Not to mention the business prescriptions coming from executives, bankers, foundations and alleged international experts. With the hallmark of pragmatism, we are told that careers have to respond to the demands of employers, just when there is no employment and we need more than ever to innovate the approach of economic activity. It is high time that we realize that functionalism does not work.

If we are moving towards the knowledge society, it will be convenient that those who provide the new orientations are the university students who still believe in the value of knowledge. What our institutions of higher education programs of study lack is life and initiative. What is left over in almost all of them is shameful opportunism, docility to political power, and submission to burdensome regulations from which nothing good has ever come result .

In my decades of experience professor, which are now more than four, I do not remember any reform that has implied a change for the better. Always the same fiction: the renewal of the higher teaching and of the innovative research should arise from more complex Structures , from procedures that are only apparently new, from the use of other instruments that have not been tested so far. As if artificial configurations and ungainly means were capable of arousing or transmitting humanism and science. Which they are not.

The numbness of reason that we suffer from leads to a capital error: proceduralism, the undervaluing of knowledge, and the depreciation of the figure of the professor. The issue of academic centers is multiplying, with the result of a growing endogamy: the main criterion for choosing a university is, more and more, the proximity to the family home.
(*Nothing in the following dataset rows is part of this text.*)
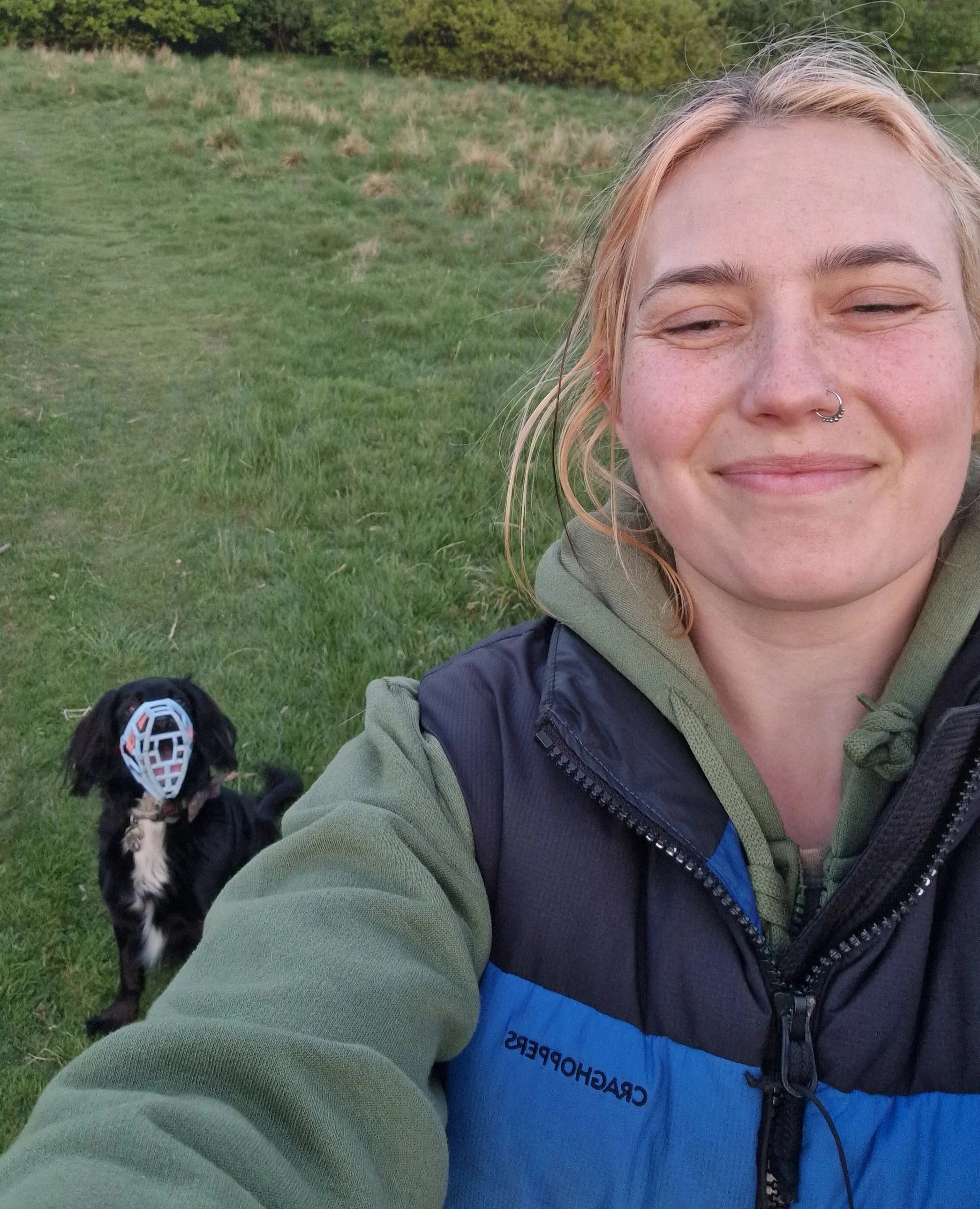 My dog is Max, a 7yo spaniel who has a short fuse in proximity/face-face with dogs and guarding around dogs. He wears a muzzle around dogs and we're happy to do on or off lead walks of any distance ⛰️🐾”
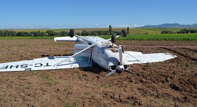 Zorunlu iniş yapan eğitim uçağı devrildi
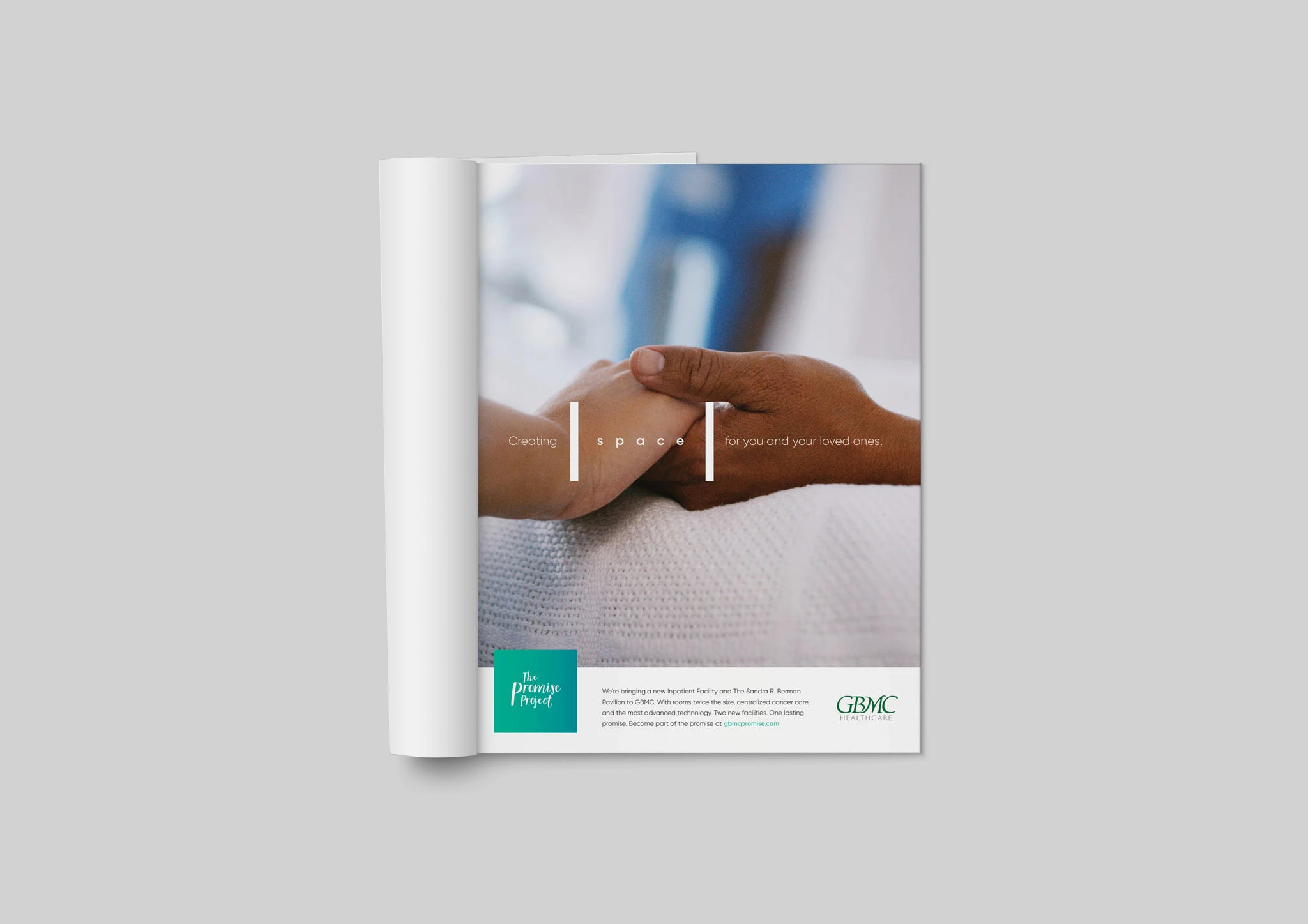 Vitamin developed an emotional, relatable tone for the campaign, connecting the concept of emotional space for healing with that of a physical space required for critical care. Vitamin designed and delivered a suite of marketing materials to support and promote the goals of The Promise Project, including the microsite, billboards, event banners, and environmental signage to live within GBMC. With the use of a 360-degree camera, we were able to fully capture the experience of being inside their state-of-the-art rooms on the landing page.
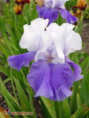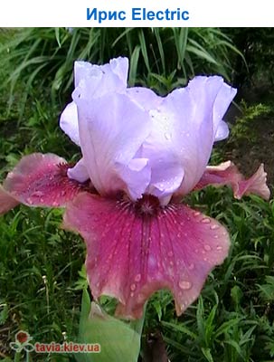 Ирис бородатый `Electric` обладает небольшим цветком, окраска различна, верхушка белая, низ сиреневый. Лепестки ириса бородатого “Электрик” ровные, цветение обильное и длительное в мае.
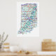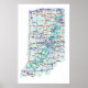 The Indiana Interstate System with labelled interstates and state name in shadow.
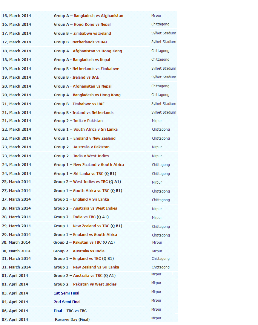 After the recently concluded Asia Cup, there is already a growing buzz about cricket at Bangladesh this season. With a total of 16 teams participating in this edition of the world cup and consisting of new entrants like Nepal and Hong Kong along with a completely new format, the ICC T20 World Cup 2014 is rearing to jump start. Following is the schedule of the tournament:
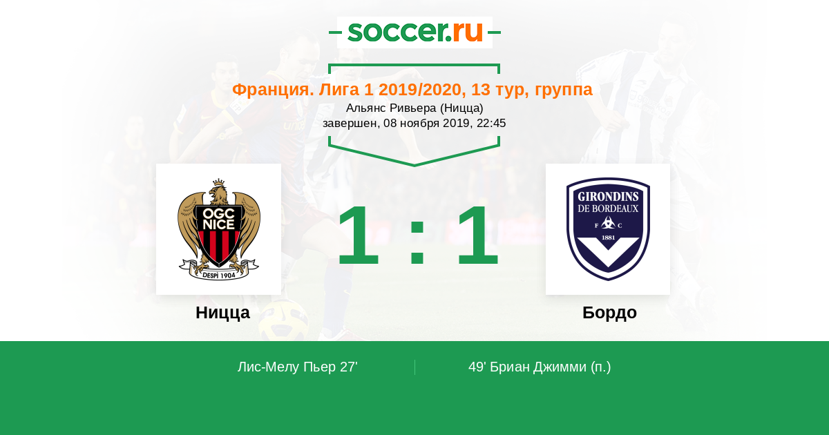27' (1:0) Лис-Мелу Пьер (8) (Атал Юсеф (20))
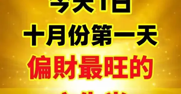 今天1日(十月份第一天)偏財最旺的六生肖!
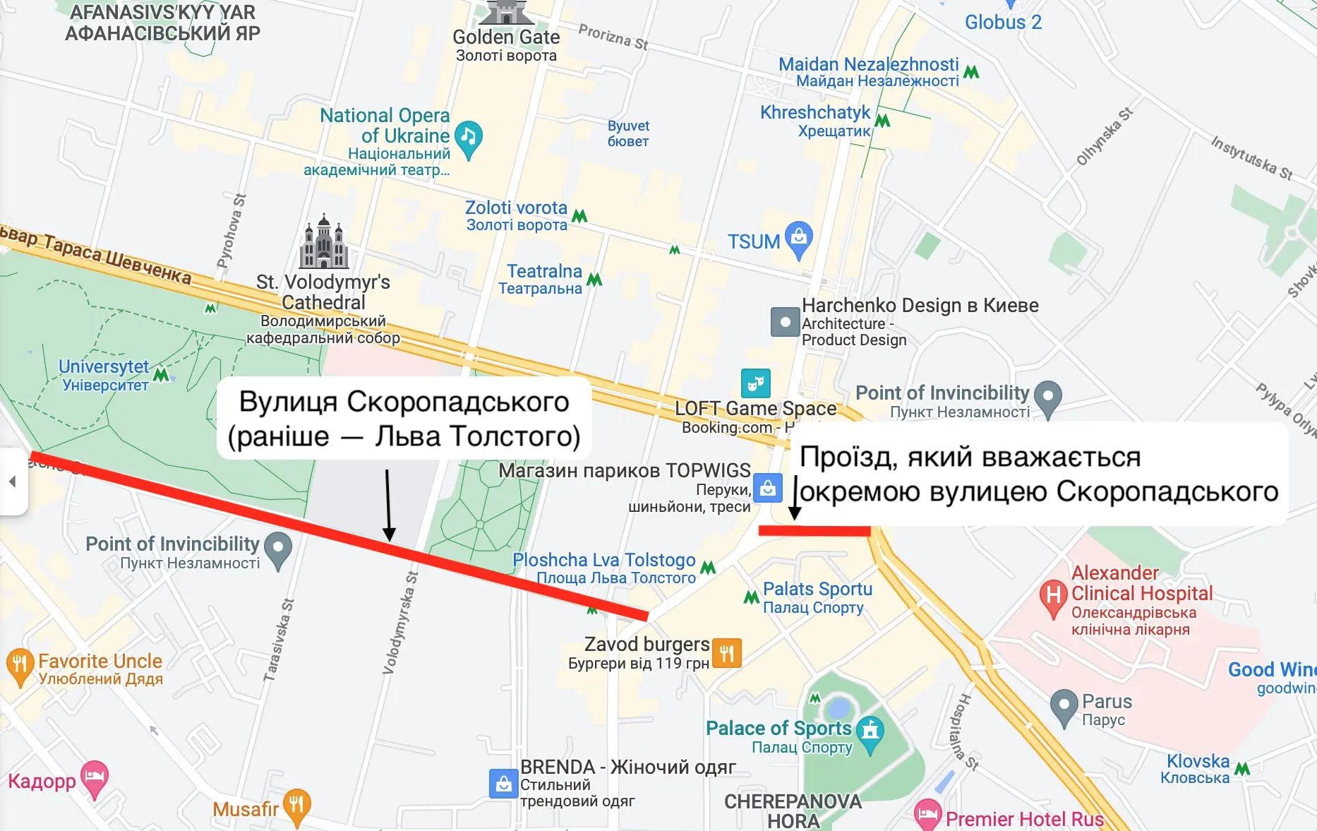 А 23 марта 2023 года улица Льва Толстого, которая брала начало от одноименной площади и пролегала в Голосеевском, Соломенском и Шевченковском районах, была переименована в улицу Гетмана Павла Скоропадского.
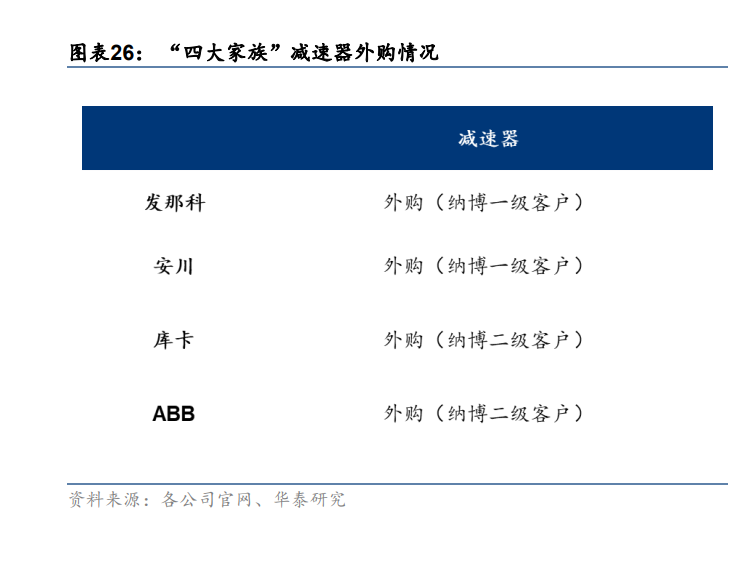 工业机器人企业减速器自产程度较低,大多采取外购。减速器市场集中程度较高,据哈工 大 2021 年发布的《中国机器人产业发展报告》,日本哈默纳科、纳博特斯克和住友占据了 85%的份额,其中纳博特斯克是 RV 减速器的发明者,占据全球工业机器人减速器市场的 60%,并在以及数控机床自动换刀(ATC)装置的 RV 减速器市场占比 80%,工业机器人 四大家族减速器自产能力较弱,均外购纳博特斯克的减速器。日本哈默纳科是全球最早研 发生产谐波减速器的企业,减速器市场占比第二位 15%。

Local politicians cover themselves with glory by building university campuses unmatched by any European campus . But what is inside such beautiful and luxurious containers?

Those who inhabit these brand-new buildings are people. Students, managers, researchers, professors, who, after all, are the ones who can give life to organizations that, otherwise, run the risk of reifying themselves and leading a gregarious and self-satisfied existence. Fatalism masks idleness. Creative freedom, on the other hand, always finds a way out of apparently closed situations. Spain currently possesses an extraordinarily talented human potential. This is, at present, our best, if not the only, source of hope. The prolegomena of hope come from intelligence and the capacity to assume risks.

For such a magnificent resource -now intact- to become an effective action, it is essential to enter into dialogue processes without prejudices, breaking the monotonous profile of a situation in which our country seems to be divided in two by gala. Such tension -with its scenic dramatism- is superficial and, in the end, inane. There is much more that unites us than separates us. Cultured and concerted freedoms can emerge as a power superior to that of ideologues, administrators and interest groups. But this undoubted creative force must be applied, first of all, to our most urgent task: to find again the lost University.